◆ Data
'''

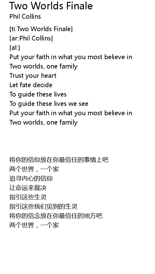 | [00:43.85] | 两个世界,一个家 |
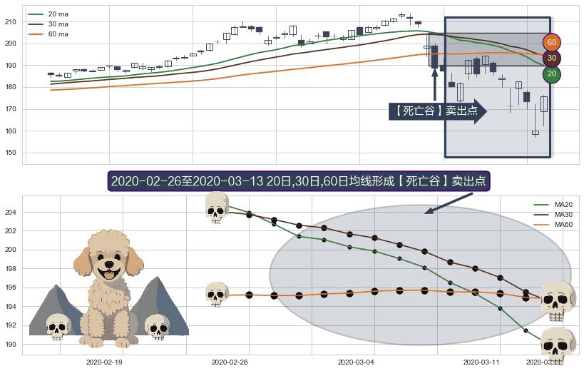 ⚂ 【死亡谷】卖出点 由MA20均线下穿MA30均线和MA60均线,MA30均线下穿MA60均线形成
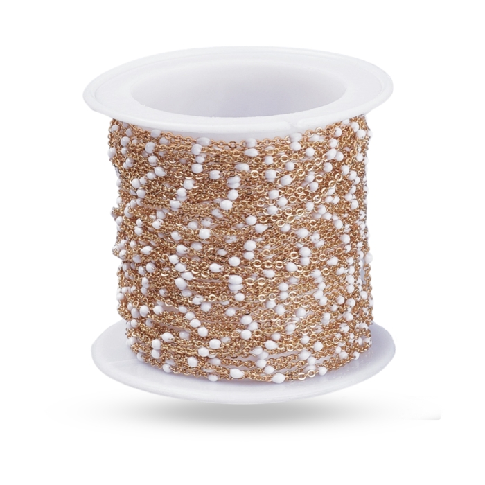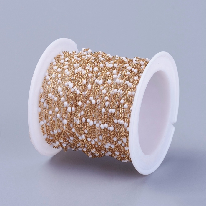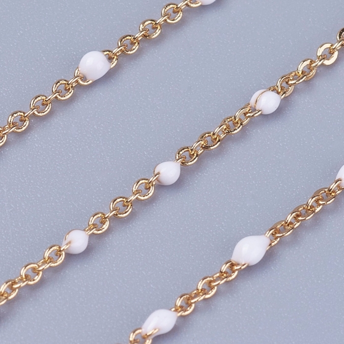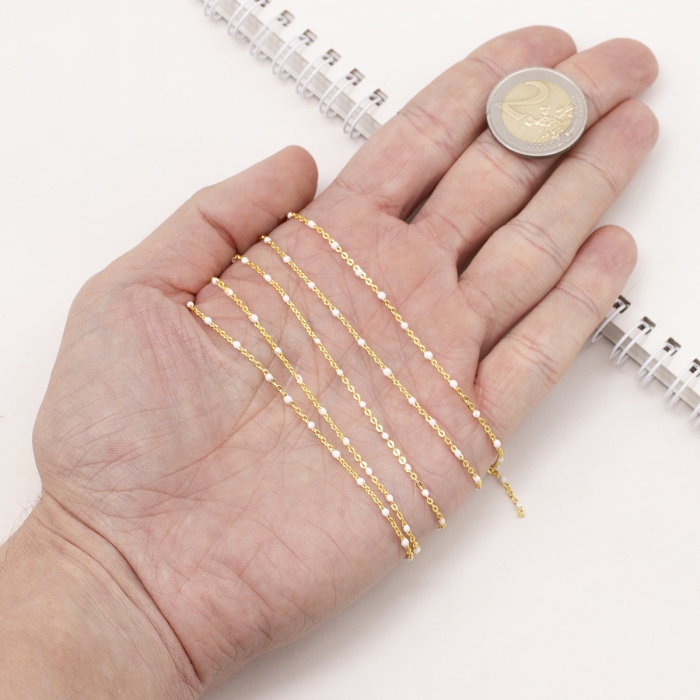 Цепь Ручная Работа, Латунь и Эмаль, Якорное Плетение, Стойкое Покрытие Золото 18К, Паяная, Цвет: Белый, Размер: 1.5мм, (УТ100028475)

'''

◆ Exercise prompt
Transcribe the listing verbatim, pictures excluded.

◆ Reply to the exercise
 | [00:43.85] | 两个世界,一个家 |
 ⚂ 【死亡谷】卖出点 由MA20均线下穿MA30均线和MA60均线,MA30均线下穿MA60均线形成
 Цепь Ручная Работа, Латунь и Эмаль, Якорное Плетение, Стойкое Покрытие Золото 18К, Паяная, Цвет: Белый, Размер: 1.5мм, (УТ100028475)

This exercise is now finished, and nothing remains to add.